» **DATA RECORDS**:
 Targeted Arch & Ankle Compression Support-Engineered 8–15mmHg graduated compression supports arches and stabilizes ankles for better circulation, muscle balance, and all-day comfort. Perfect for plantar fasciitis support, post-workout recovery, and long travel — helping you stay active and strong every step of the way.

==

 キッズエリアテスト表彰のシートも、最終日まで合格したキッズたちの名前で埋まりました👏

==

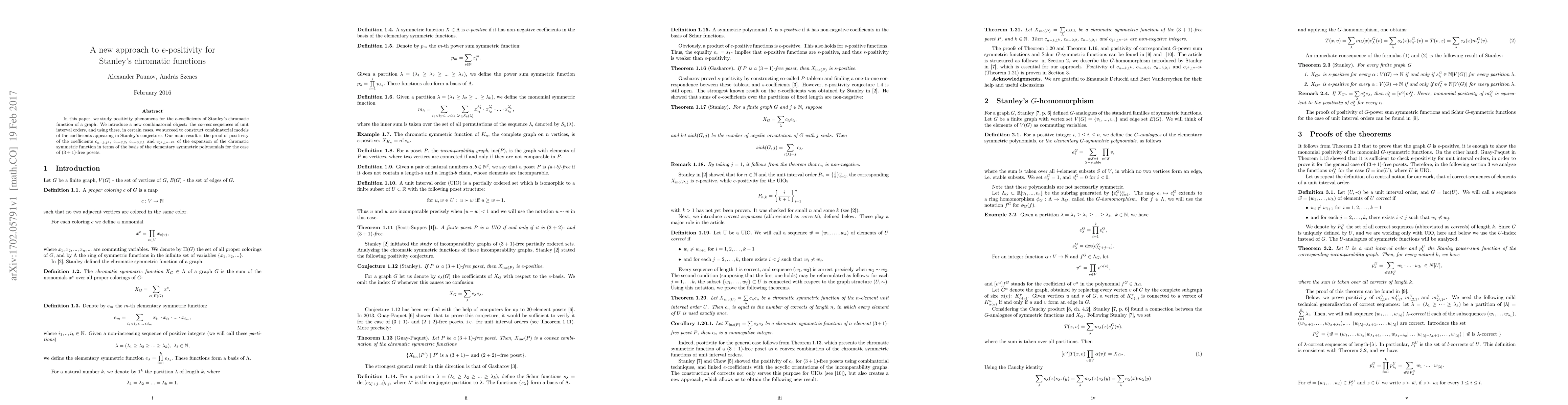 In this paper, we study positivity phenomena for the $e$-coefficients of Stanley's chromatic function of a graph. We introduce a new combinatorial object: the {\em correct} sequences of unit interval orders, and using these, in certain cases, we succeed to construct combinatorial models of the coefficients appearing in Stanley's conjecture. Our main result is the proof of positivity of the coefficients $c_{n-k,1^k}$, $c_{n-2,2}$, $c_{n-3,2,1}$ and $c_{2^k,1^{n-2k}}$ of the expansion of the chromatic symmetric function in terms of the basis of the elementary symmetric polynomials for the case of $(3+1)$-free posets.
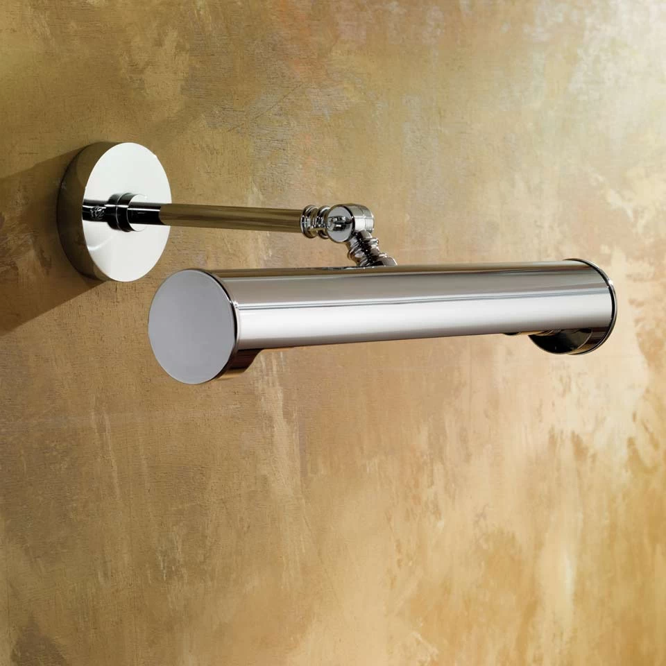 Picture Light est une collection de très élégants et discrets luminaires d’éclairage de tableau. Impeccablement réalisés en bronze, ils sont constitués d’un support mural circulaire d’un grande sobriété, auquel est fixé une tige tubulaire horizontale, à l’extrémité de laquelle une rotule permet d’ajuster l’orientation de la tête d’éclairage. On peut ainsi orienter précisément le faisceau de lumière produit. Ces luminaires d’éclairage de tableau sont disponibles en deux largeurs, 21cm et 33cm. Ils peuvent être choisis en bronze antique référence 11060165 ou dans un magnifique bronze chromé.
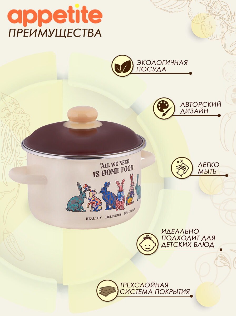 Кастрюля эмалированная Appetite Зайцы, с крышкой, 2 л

» **ABOUT THIS EXERCISE**: Only one stretch of the entries above is needed: the lines from the one containing "In this paper, we" through the one containing "Кастрюля эмалированная Appetite". Copy it exactly, without the pictures.

» **ANSWER TO THIS EXERCISE**:
 In this paper, we study positivity phenomena for the $e$-coefficients of Stanley's chromatic function of a graph. We introduce a new combinatorial object: the {\em correct} sequences of unit interval orders, and using these, in certain cases, we succeed to construct combinatorial models of the coefficients appearing in Stanley's conjecture. Our main result is the proof of positivity of the coefficients $c_{n-k,1^k}$, $c_{n-2,2}$, $c_{n-3,2,1}$ and $c_{2^k,1^{n-2k}}$ of the expansion of the chromatic symmetric function in terms of the basis of the elementary symmetric polynomials for the case of $(3+1)$-free posets.
 Picture Light est une collection de très élégants et discrets luminaires d’éclairage de tableau. Impeccablement réalisés en bronze, ils sont constitués d’un support mural circulaire d’un grande sobriété, auquel est fixé une tige tubulaire horizontale, à l’extrémité de laquelle une rotule permet d’ajuster l’orientation de la tête d’éclairage. On peut ainsi orienter précisément le faisceau de lumière produit. Ces luminaires d’éclairage de tableau sont disponibles en deux largeurs, 21cm et 33cm. Ils peuvent être choisis en bronze antique référence 11060165 ou dans un magnifique bronze chromé.
 Кастрюля эмалированная Appetite Зайцы, с крышкой, 2 л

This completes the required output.